[PROBLEM STATEMENT]:
Please return, exactly and only, the lines beginning at the top of the entries below and ending with the line containing "日清食品の日清デカうま 豚キムチ カップ麺"; keep out the pictures.

(Stored items)
=-=-=

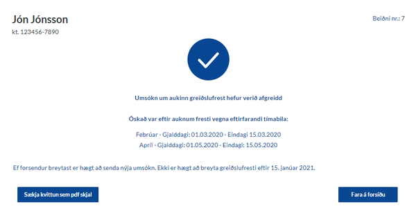 Once the application has been submitted a confirmation appears. By pressing the button "Sækja kvittun sem PDF skjal" one can download the confirmation as a PDF-document. The confirmation will also be saved on the communications page of the website.
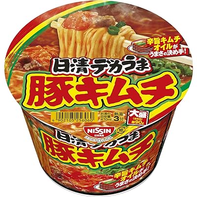 日清食品の日清デカうま 豚キムチ カップ麺 101g×12個が税込1,309円(109.1円/個)の特価。Amazonプライム会員(無料体験中でもOK)または3,500円以上購入で送料も無料。
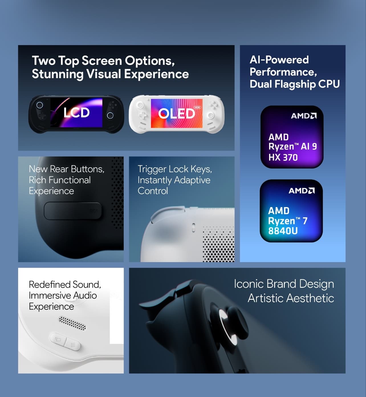Если точнее, она предлагает Ryzen AI 9 HX 370, но не только его. Базовые варианты опираются на старый добрый Ryzen 7 8840U. Первый процессор, конечно, заметно производительнее, но и второй для подобных устройств очень неплох.
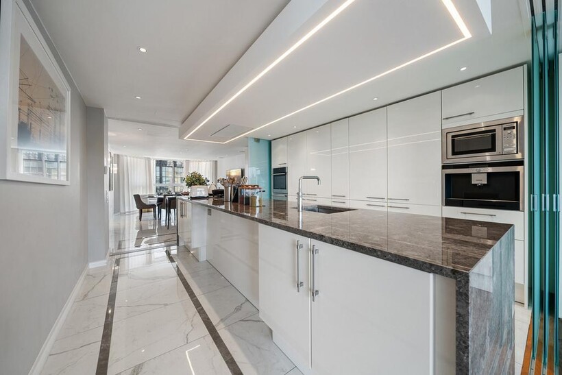 A unique newly refurbished interior designed duplex penthouse apartment, set over 3,160 sq ft and offering three spacious double bedrooms, two ensuite bathrooms, family bathroom and guest WC, all within Imperial House, a boutique modern building in the heart of fashionable Kensington.Via a private lobby, you enter an apartment which has been created for a luxurious bright and opulent living experience. The reception and dining room comes complete with expansive windows and an open plan, fully integrated kitchen/breakfast room, offering spectacular entertaining and living spaces. A stunning customized glass staircase offers uninterrupted double height views across London, which in turn leads you up into a unique entertainment and relaxation space offering several lavish areas as well as comfortable dining for up to 10 people. The open plan feel combines perfectly with two stunning outdoor seating areas that extend seamlessly through from multiple bi-folding doors.
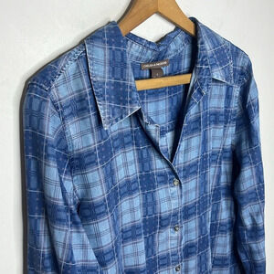 CHELSEA & THEODORE Plaid V Neck Collard Button Down Button Back Blouse
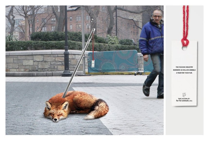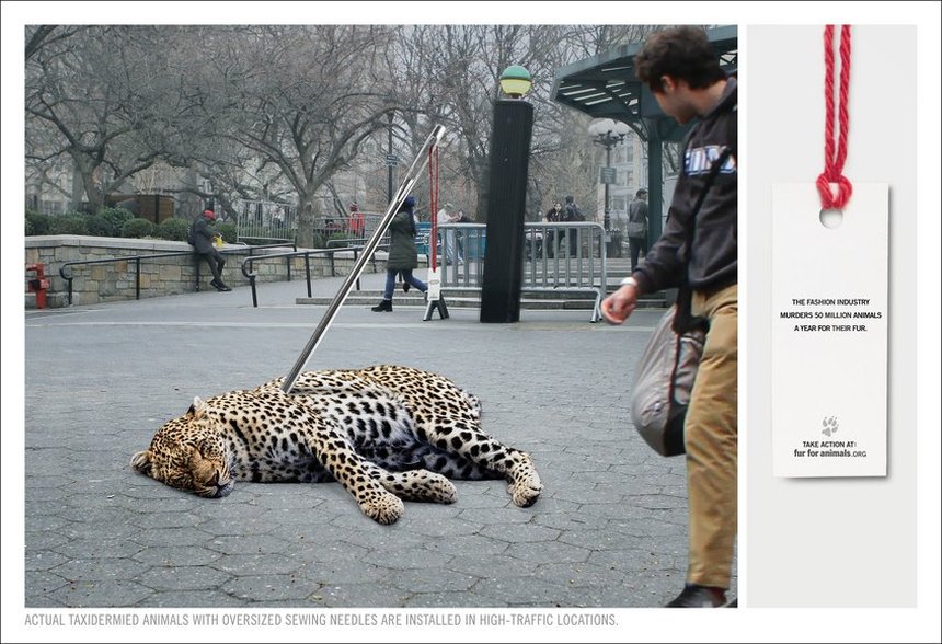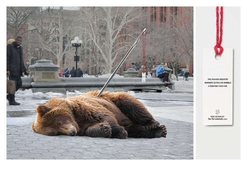 For the 2017 Respect for Animals New Blood brief, this team came up with a smart idea to hit city dwellers with a message – buying fur kills animals. With most people still clueless about how many animals are killed each year for the fur industry, they reckoned it would take a shock to the system to make them pay attention. In a display of tragic symbolism, real taxidermy animals would be installed in high-traffic spots, pierced by spear-like oversized needles and thread.

=-=-=

[TASK ANSWER]:
 Once the application has been submitted a confirmation appears. By pressing the button "Sækja kvittun sem PDF skjal" one can download the confirmation as a PDF-document. The confirmation will also be saved on the communications page of the website.
 日清食品の日清デカうま 豚キムチ カップ麺 101g×12個が税込1,309円(109.1円/個)の特価。Amazonプライム会員(無料体験中でもOK)または3,500円以上購入で送料も無料。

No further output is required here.